TASK REQUIREMENTS: Please output the line containing "Bundle Dettol Hand" and all lines that follow it in the data below, exactly, with no pictures.

AVAILABLE RECORDS:
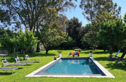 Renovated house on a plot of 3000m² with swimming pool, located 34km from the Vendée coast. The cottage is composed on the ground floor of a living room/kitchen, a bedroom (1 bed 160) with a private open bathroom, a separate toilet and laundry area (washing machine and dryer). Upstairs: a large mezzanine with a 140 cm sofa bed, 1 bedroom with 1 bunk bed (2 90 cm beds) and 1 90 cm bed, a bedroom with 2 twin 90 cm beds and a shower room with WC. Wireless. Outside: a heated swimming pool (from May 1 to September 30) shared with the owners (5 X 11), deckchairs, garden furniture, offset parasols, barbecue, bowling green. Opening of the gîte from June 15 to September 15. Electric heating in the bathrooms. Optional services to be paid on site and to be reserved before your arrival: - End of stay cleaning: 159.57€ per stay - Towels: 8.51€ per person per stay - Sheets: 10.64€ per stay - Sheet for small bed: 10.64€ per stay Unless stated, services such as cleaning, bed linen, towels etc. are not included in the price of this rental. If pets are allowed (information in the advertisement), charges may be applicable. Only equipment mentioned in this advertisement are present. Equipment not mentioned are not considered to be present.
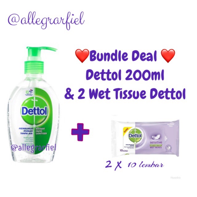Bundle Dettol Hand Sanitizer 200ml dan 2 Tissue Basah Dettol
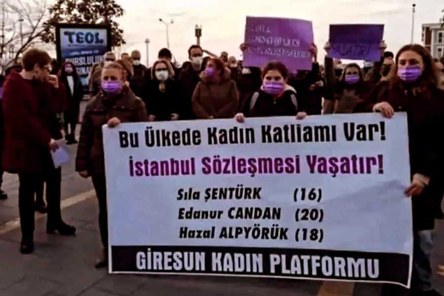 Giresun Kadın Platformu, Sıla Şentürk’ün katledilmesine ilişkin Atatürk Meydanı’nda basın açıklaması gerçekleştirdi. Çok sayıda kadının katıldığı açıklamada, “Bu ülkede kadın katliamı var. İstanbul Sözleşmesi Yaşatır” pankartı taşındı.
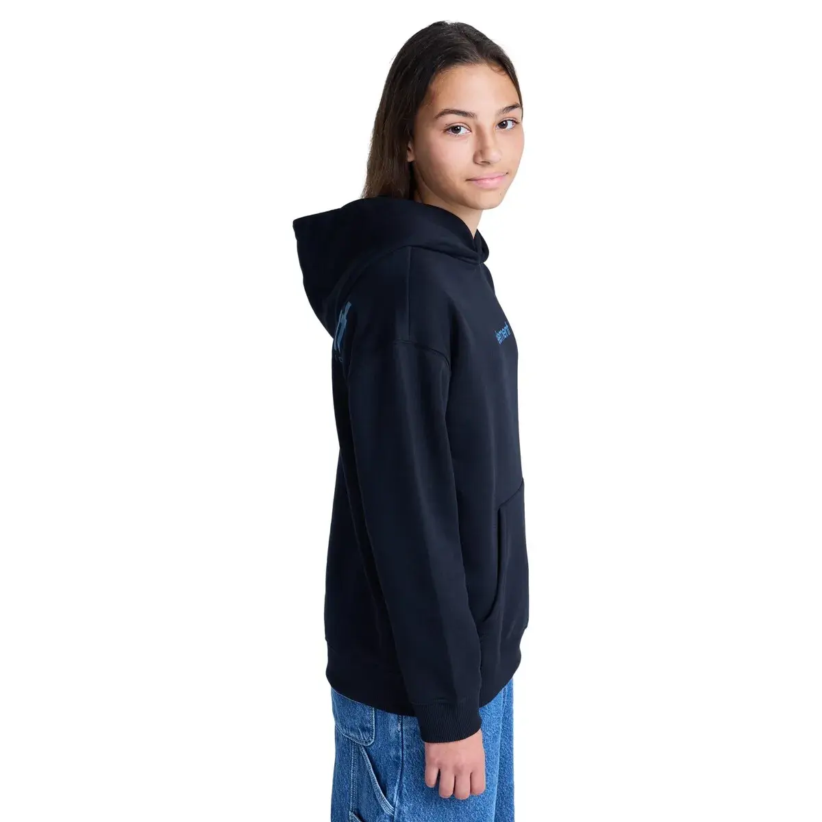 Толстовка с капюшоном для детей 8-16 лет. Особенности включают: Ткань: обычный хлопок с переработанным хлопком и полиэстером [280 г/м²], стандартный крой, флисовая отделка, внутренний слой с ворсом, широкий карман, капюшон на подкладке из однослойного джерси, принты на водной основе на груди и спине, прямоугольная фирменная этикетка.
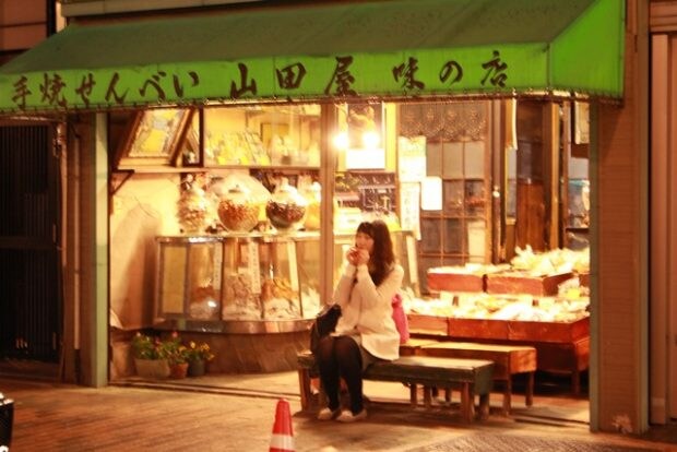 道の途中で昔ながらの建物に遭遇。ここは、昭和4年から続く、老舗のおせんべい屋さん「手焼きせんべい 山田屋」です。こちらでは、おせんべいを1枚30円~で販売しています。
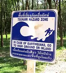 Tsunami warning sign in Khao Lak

ANSWER SPACE:
Bundle Dettol Hand Sanitizer 200ml dan 2 Tissue Basah Dettol
 Giresun Kadın Platformu, Sıla Şentürk’ün katledilmesine ilişkin Atatürk Meydanı’nda basın açıklaması gerçekleştirdi. Çok sayıda kadının katıldığı açıklamada, “Bu ülkede kadın katliamı var. İstanbul Sözleşmesi Yaşatır” pankartı taşındı.
 Толстовка с капюшоном для детей 8-16 лет. Особенности включают: Ткань: обычный хлопок с переработанным хлопком и полиэстером [280 г/м²], стандартный крой, флисовая отделка, внутренний слой с ворсом, широкий карман, капюшон на подкладке из однослойного джерси, принты на водной основе на груди и спине, прямоугольная фирменная этикетка.
 道の途中で昔ながらの建物に遭遇。ここは、昭和4年から続く、老舗のおせんべい屋さん「手焼きせんべい 山田屋」です。こちらでは、おせんべいを1枚30円~で販売しています。
 Tsunami warning sign in Khao Lak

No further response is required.